La bailarina que fue sigue viva en la mujer que es: transformada, sí, pero fiel a esa niña tímida que un día descubrió en el portal de su casa que el mundo entero podía ser su escenario. Hoy, con la sabiduría forjada entre ovaciones y dolores, puntas perfectas y rodillas vendadas, sabe que la verdadera coreografía de la vida se escribe en la capacidad de reinventarse sin perder el compás.

Sadaise deja el escenario, pero no la danza; porque como bien aprendió en estos treinta años de carrera, el ballet no es solo lo que ocurre bajo los focos, sino todo aquello que —como sus brazos etéreos— sigue moviéndose en el aire mucho después de que la música haya terminado. La bailarina deja una lección final: la mayor maestría está en saber cuándo alzar los brazos en arabesque… y cuándo dejarlos caer con gracia para comenzar un nuevo paso.

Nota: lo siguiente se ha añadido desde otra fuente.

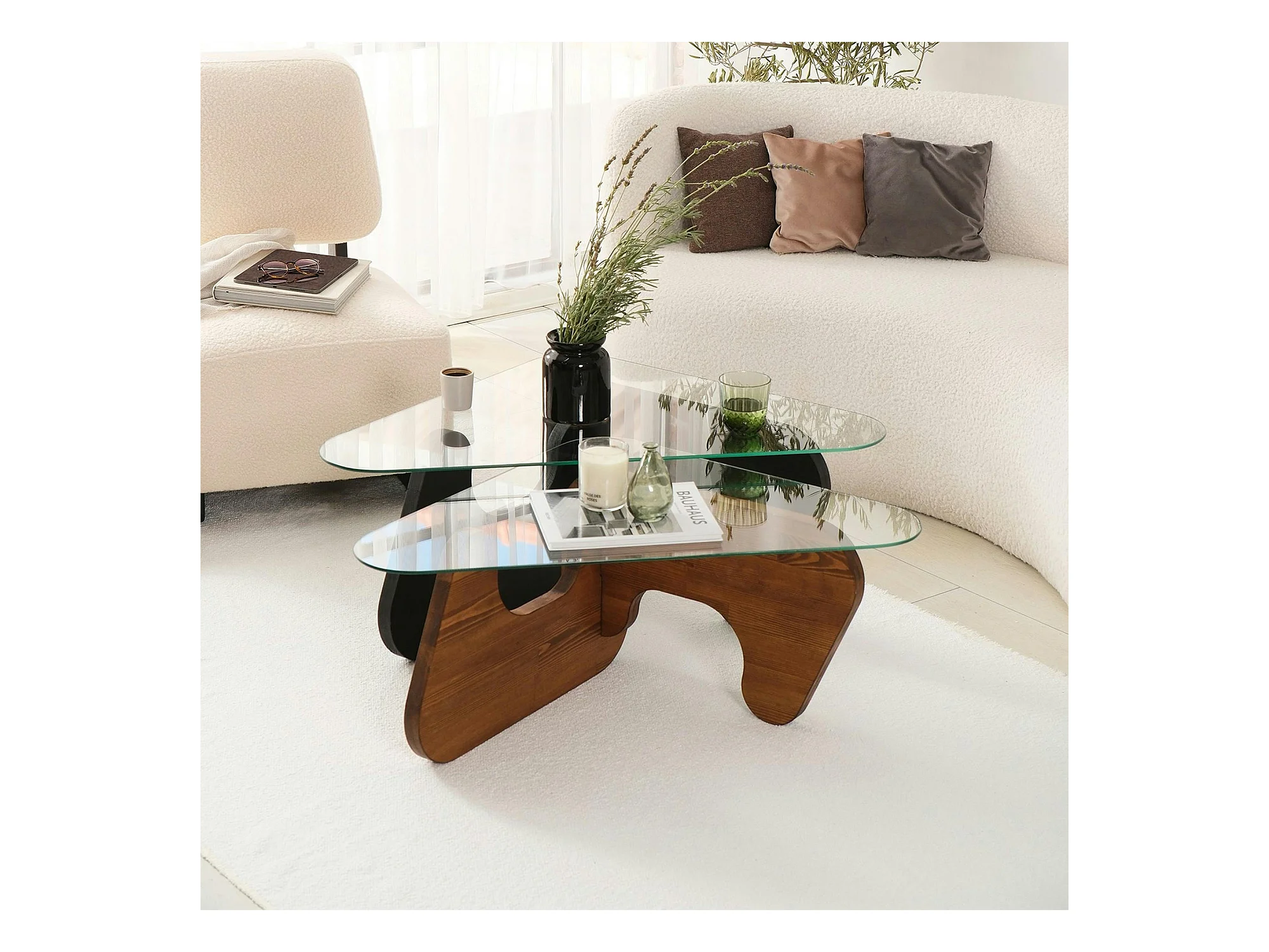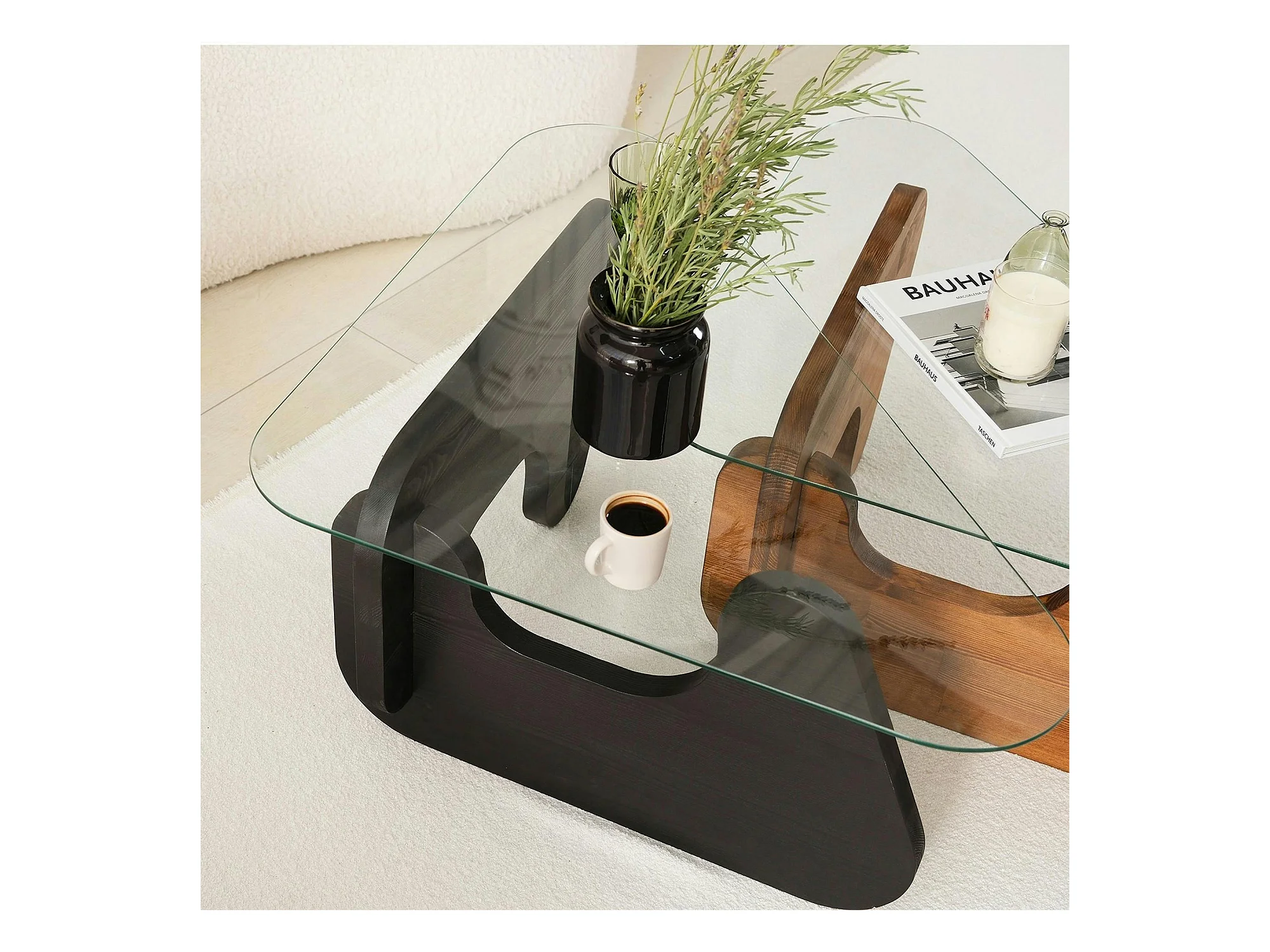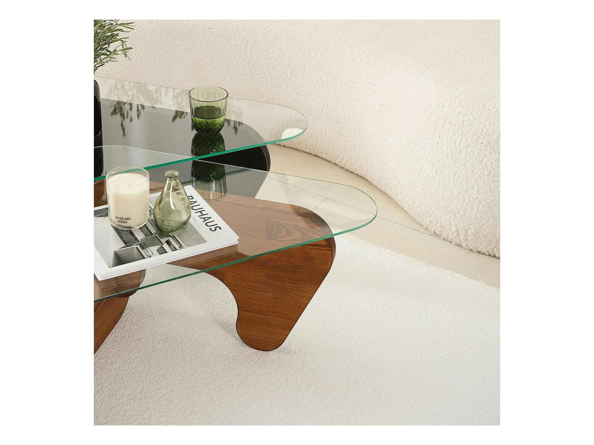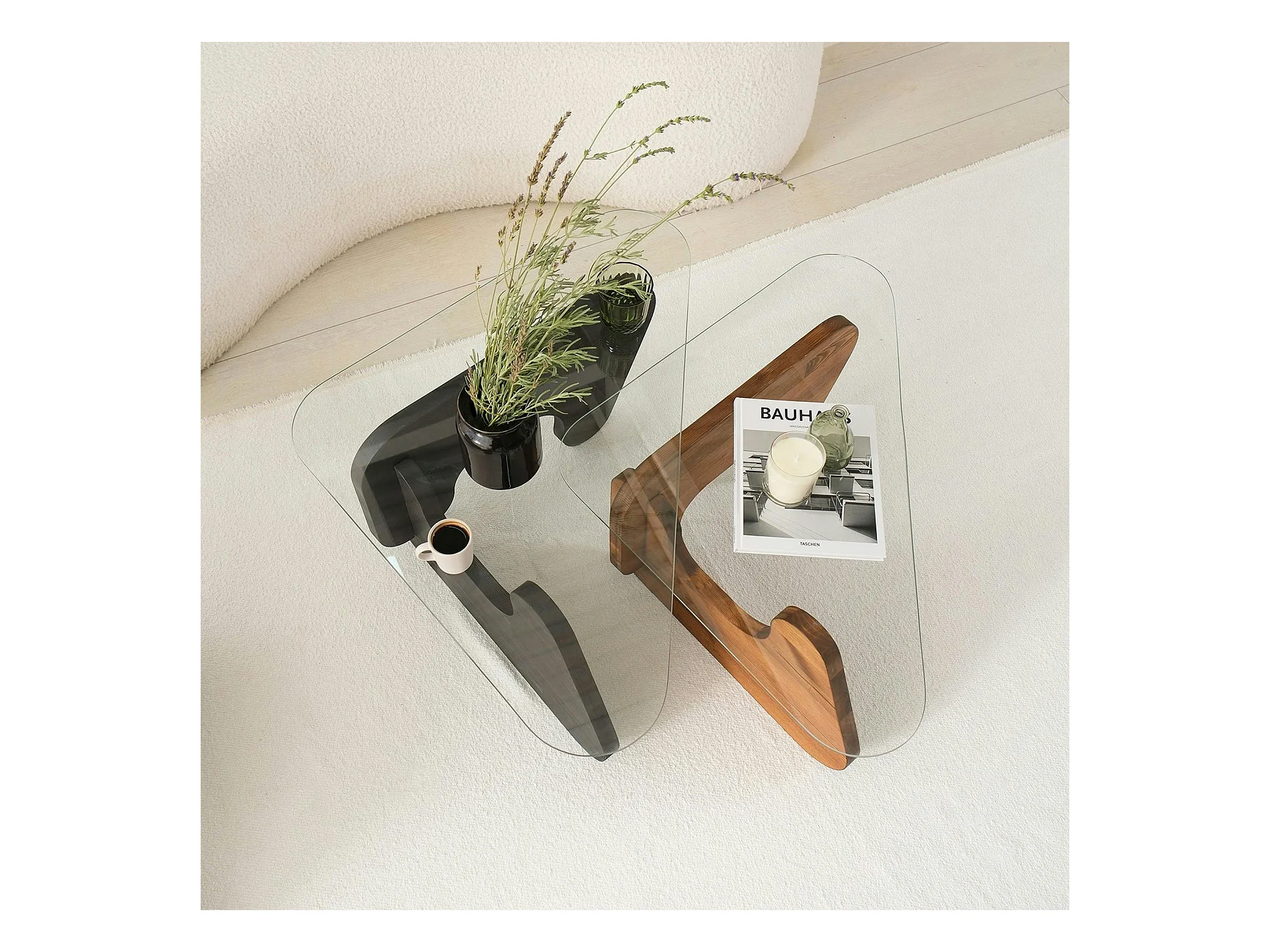Table basse gigogne verre - 2 bois, triangle (lot de 2) ANZIO

“Sadaise deja el escenario, pero no la danza…”

Sólo quedan dos preguntas.

Si Alicia Alonso no hubiera dirigido el Ballet Nacional de Cuba, ¿habría sido distinta la carrera de Sadaise Arencibia?

“Claro que habría sido diferente”, responde. “No sé exactamente cómo, pero cuando un solo factor cambia en la vida de alguien, todo se transforma. Es mi forma de verlo”.

Sadaise, si su carrera fuera un ballet, ¿estaríamos en el acto trágico, en el clímax o en una coda serena?

“Un poco de las tres cosas”, confiesa.